__Data section__:
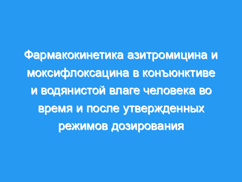 Азитромицин 1% обеспечивал высокие концентрации (пиковый уровень, 559,7 мкг/г) в конъюнктиве человека, которые поддерживались на уровнях от 1 до 2 порядков выше, чем у моксифлоксацина 0,5% в течение 7-дневного периода приема и, по крайней мере, в течение 7 дней после этого. Азитромицин также показал увеличенный период полувыведения (65,7 часа) в конъюнктиве по сравнению с моксифлоксацином (28,6 часа). Соответственно, концентрация азитромицина поддерживалась значительно выше минимальной ингибирующей концентрации, необходимой для ингибирования роста 90% тестируемых бактериальных изолятов, в течение по меньшей мере 7 дней, тогда как уровни моксифлоксацина в конъюнктиве снижались до уровней, равных или меньших минимальной ингибирующей концентрации, необходимой для ингибирования роста 90% тестируемых бактериальных изолятов, приблизительно Через 24 часа после последней дозы. Пиковая концентрация моксифлоксацина в водянистой влаге была выше (0,77 мкг/мл), чем у азитромицина (0,053 мкг/мл). Никаких клинически значимых данных о безопасности не наблюдалось.
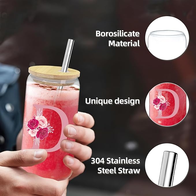 - The set includes: 16oz initial glass cup*1. Tote bag*1. Makeup bag*1. Jewelry storage box*1. Monogrammed pendant*1. Greeting card*1. Gift box*1. A beautiful personalized gift.
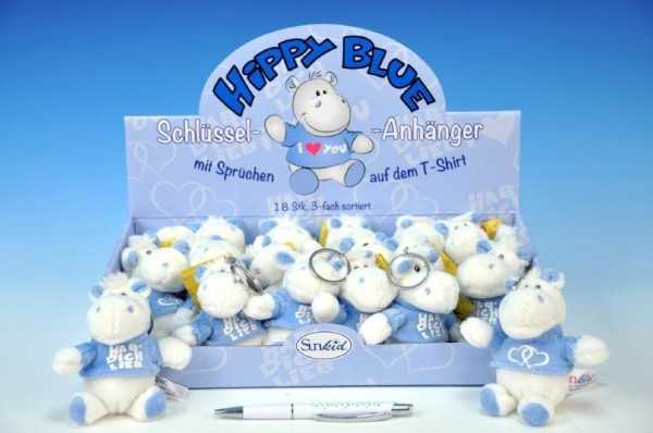 Přívěšek na klíče hroch plyš 10cm v modrém tričku
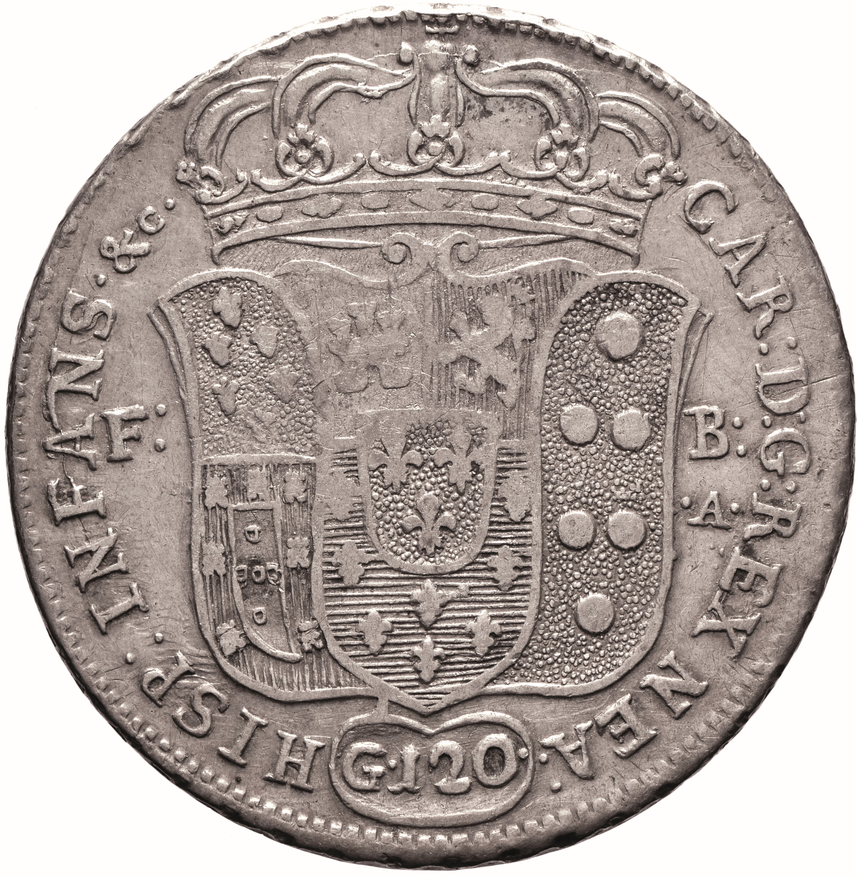 Dritto: Il Sebeto sdraiato sulla riva del mare, con braccio destro adagiato su di un’urna da cui scorre acqua e nella mano sinistra un badile; dietro, un pino, e sullo sfondo, il Vesuvio. In esergo: De 1734 ∙ G:. Campo monetale delimitato da filetto dentellato. Rovescio: Scudo coronato in cartella, interzato in palo: nel 1°, troncato dei Farnese e di Portogallo; nel 2°, troncato: in a), partito di Castiglia e León, in b), di Angiò; nel 3°, dei Medici. Sul tutto, scudetto dei Borbone. Nel campo, ai lati, F: / B: | ·A·; sotto lo scudo, in cartella, G: 120 ·. Campo monetale delimitato da filetto dentellato

__Work order__:
Copy all the material exactly; omit images.

__Result__:
 Азитромицин 1% обеспечивал высокие концентрации (пиковый уровень, 559,7 мкг/г) в конъюнктиве человека, которые поддерживались на уровнях от 1 до 2 порядков выше, чем у моксифлоксацина 0,5% в течение 7-дневного периода приема и, по крайней мере, в течение 7 дней после этого. Азитромицин также показал увеличенный период полувыведения (65,7 часа) в конъюнктиве по сравнению с моксифлоксацином (28,6 часа). Соответственно, концентрация азитромицина поддерживалась значительно выше минимальной ингибирующей концентрации, необходимой для ингибирования роста 90% тестируемых бактериальных изолятов, в течение по меньшей мере 7 дней, тогда как уровни моксифлоксацина в конъюнктиве снижались до уровней, равных или меньших минимальной ингибирующей концентрации, необходимой для ингибирования роста 90% тестируемых бактериальных изолятов, приблизительно Через 24 часа после последней дозы. Пиковая концентрация моксифлоксацина в водянистой влаге была выше (0,77 мкг/мл), чем у азитромицина (0,053 мкг/мл). Никаких клинически значимых данных о безопасности не наблюдалось.
 - The set includes: 16oz initial glass cup*1. Tote bag*1. Makeup bag*1. Jewelry storage box*1. Monogrammed pendant*1. Greeting card*1. Gift box*1. A beautiful personalized gift.
 Přívěšek na klíče hroch plyš 10cm v modrém tričku
 Dritto: Il Sebeto sdraiato sulla riva del mare, con braccio destro adagiato su di un’urna da cui scorre acqua e nella mano sinistra un badile; dietro, un pino, e sullo sfondo, il Vesuvio. In esergo: De 1734 ∙ G:. Campo monetale delimitato da filetto dentellato. Rovescio: Scudo coronato in cartella, interzato in palo: nel 1°, troncato dei Farnese e di Portogallo; nel 2°, troncato: in a), partito di Castiglia e León, in b), di Angiò; nel 3°, dei Medici. Sul tutto, scudetto dei Borbone. Nel campo, ai lati, F: / B: | ·A·; sotto lo scudo, in cartella, G: 120 ·. Campo monetale delimitato da filetto dentellato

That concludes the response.